Personal information
- Native name: Proinsias Mac Fhloinn (Irish)
- Born: Cloghan, County Donegal
- Occupation: Primary school teacher
- Height: 5 ft 11 in (180 cm)

Sport
- Sport: Gaelic football
- Position: Right half back

Club
- Years: Club
- 2004–: Glenfin

Inter-county
- Years: County / Apps (scores)
- 2006–2019: Donegal / 100+ (1–4+)

Inter-county titles
- Ulster titles: 5
- All-Irelands: 1
- NFL: 1
- All Stars: 1

= Frank McGlynn (Gaelic footballer) =

Donegal Gaelic footballer (born 1985)

Frank McGlynn (born 1985) is an Irish Gaelic football manager and former player. He played for the Donegal county team between 2006 and 2019 and also for his club Glenfin.

In 2015, Pat Spillane included McGlynn in his top 40 footballers in the game today.

He won one All Star, one All-Ireland Senior Football Championship and five Ulster Senior Football Championships with his county. He was shortlisted for All Stars Footballer of the Year in 2012, but the award went to teammate Karl Lacey.

==Playing career==
===Youth===
McGlynn played association football for Drumkeen United as a child. He has also played soccer for Finn Harps at underage level. He earned him trials with Wolverhampton Wanderers, Leeds United, Preston North End in soccer's English Football League. He played and scored for Everton in the Milk Cup – in a team which also featured Wayne Rooney. He was still playing the association code for Cappry Rovers after retiring from playing football for Donegal (though he prioritised his football for his club Glenfin).

McGlynn's childhood hero was Martin Gavigan.

===Club===
McGlynn won the Donegal Intermediate Football Championship with Glenfin in 2018.

===Inter-county===
McGlynn made his senior inter-county debut in 2006.

====Jim McGuinness: 2010–14====
A prominent part of the inter-county teams of the Jim McGuinness era, McGlynn won his first Ulster Senior Football Championship winners' medal with Donegal on 17 July 2011, becoming the first man from the Glenfin club to achieve this. He had a terrific game on 22 July 2012 as Donegal retained the Ulster title for the first time in their history with a 2–18 to 0–13 victory over Down. His goal that day sealed the win and remains the only goal he has scored for his county as of .

McGlynn's first Championship point only came in the 2012 Ulster Senior Football Championship.
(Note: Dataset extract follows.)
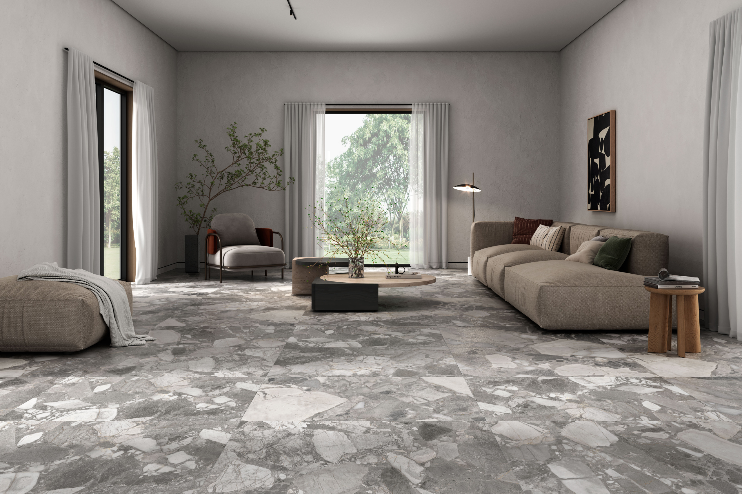 La finition mate rectifiée atténue les reflets de lumière et apporte une sensation de douceur et de sérénité aux espaces intérieurs. Elle met en valeur la matière tout en offrant un confort visuel optimal, adapté aussi bien aux ambiances résidentielles qu’aux environnements professionnels.

This was against Cavan; he followed this with a point against Derry, that goal against Down in the provincial final and yet another point in the All-Ireland Senior Football Championship semi-final victory against Cork. He added another point against Mayo in the 2012 All-Ireland Senior Football Championship Final, bringing his 2012 championship season total to 1–4. For a player in the left-full-back position this has been described as "def[ying] convention". He won an All Star but was unable to attend the Football Tour of New York.
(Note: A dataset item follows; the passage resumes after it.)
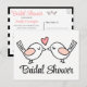 Set the fun tone of your bridal shower with this cute hand drawn cartoon pink and white kissing lovebirds postcard invitation. Your party information is printed on the back in complementary pink script and easy-to- read bold black fonts.

Coming in the 2013 Ulster Senior Football Championship, McGlynn was concussed, as was teammate Ryan Bradley, causing manager McGuinness to voice fears that one of his players would receive a spinal injury or a neck injury if the "'dangerous' levels of physicality in the GAA" continued.

McGlynn made his 100th inter-county appearance against Armagh in the 2014 Dr McKenna Cup. He added a third Ulster SFC title later that year.

====Rory Gallagher: 2014–17====
Under the management of Rory Gallagher, McGlynn started the opening fixture of the 2015 National Football League at home to Derry. He also started the next game against Dublin at Croke Park, the third fixture against Cork in Ballyshannon, the fourth fixture against Monaghan and the seventh fixture against Mayo. Donegal qualified for the NFL semi-final. McGlynn also started and completed this game.

McGlynn started the 2015 Ulster Senior Football Championship final, scoring 0–1. He had previously started the preliminary round against Tyrone (scoring 0–1), the quarter-final against Armagh and the semi-final against Derry. McGlynn started the 2015 All-Ireland Senior Football Championship qualifier defeat of Galway at Croke Park and the next game against Mayo at the same venue.

McGlynn started the opening fixture of the 2016 National Football League away to Down and scored 0–1. He started the second fixture against Cork, a ten-point win in Ballyshannon, contributing 0–1 to the team's victory. He also started the third fixture against Mayo and the seventh fixture against Monaghan. Donegal qualified for the NFL semi-final. McGlynn started this game too.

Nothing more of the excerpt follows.